🤖 AI Summary
Medical multimodal large language models (MLLMs) frequently generate clinically implausible hallucinations in radiology report generation—particularly when describing rare medical entities without supporting visual evidence. To address this, we propose Visual Retrieval-Augmented Generation (V-RAG), the first RAG framework adapted to multimodal clinical settings. V-RAG enables joint vision–text retrieval via cross-modal alignment, thereby strengthening traceability between medical entities and their corresponding image regions. We further introduce *entity probing*, a novel metric that quantifies grounding accuracy by measuring how well generated entities are supported by visual features. Evaluated on MIMIC-CXR and Multicare, V-RAG achieves a +3.2 improvement in RadGraph-F1, with especially pronounced gains for rare entities—significantly increasing their image support rate and suppressing clinically inaccurate hallucinations. This work establishes a new paradigm for trustworthy, evidence-grounded medical MLLMs.
📝 Abstract
Multimodal Large Language Models (MLLMs) have shown impressive performance in vision and text tasks.
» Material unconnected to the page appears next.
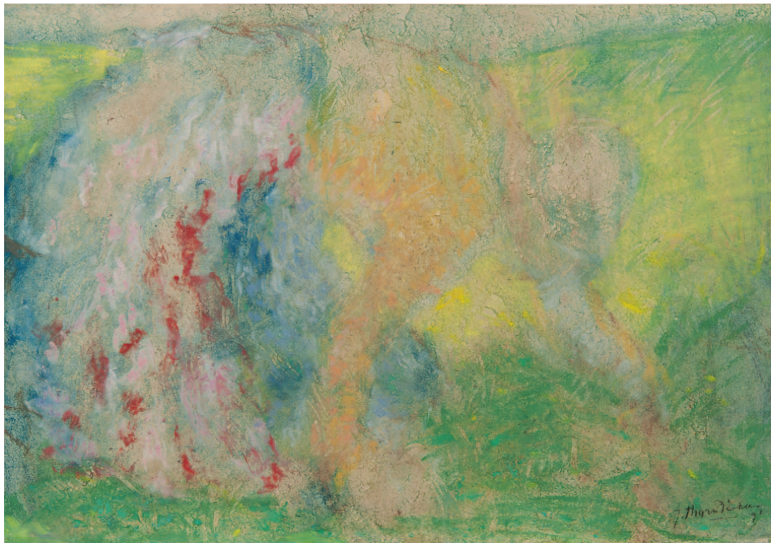
Johan Thorn Prikker Werken op het land

However, hallucination remains a major challenge, especially in fields like healthcare where details are critical. In this work, we show how MLLMs may be enhanced to support Visual RAG (V-RAG), a retrieval-augmented generation framework that incorporates both text and visual data from retrieved images. On the MIMIC-CXR chest X-ray report generation and Multicare medical image caption generation datasets, we show that Visual RAG improves the accuracy of entity probing, which asks whether a medical entities is grounded by an image. We show that the improvements extend both to frequent and rare entities, the latter of which may have less positive training data. Downstream, we apply V-RAG with entity probing to correct hallucinations and generate more clinically accurate X-ray reports, obtaining a higher RadGraph-F1 score.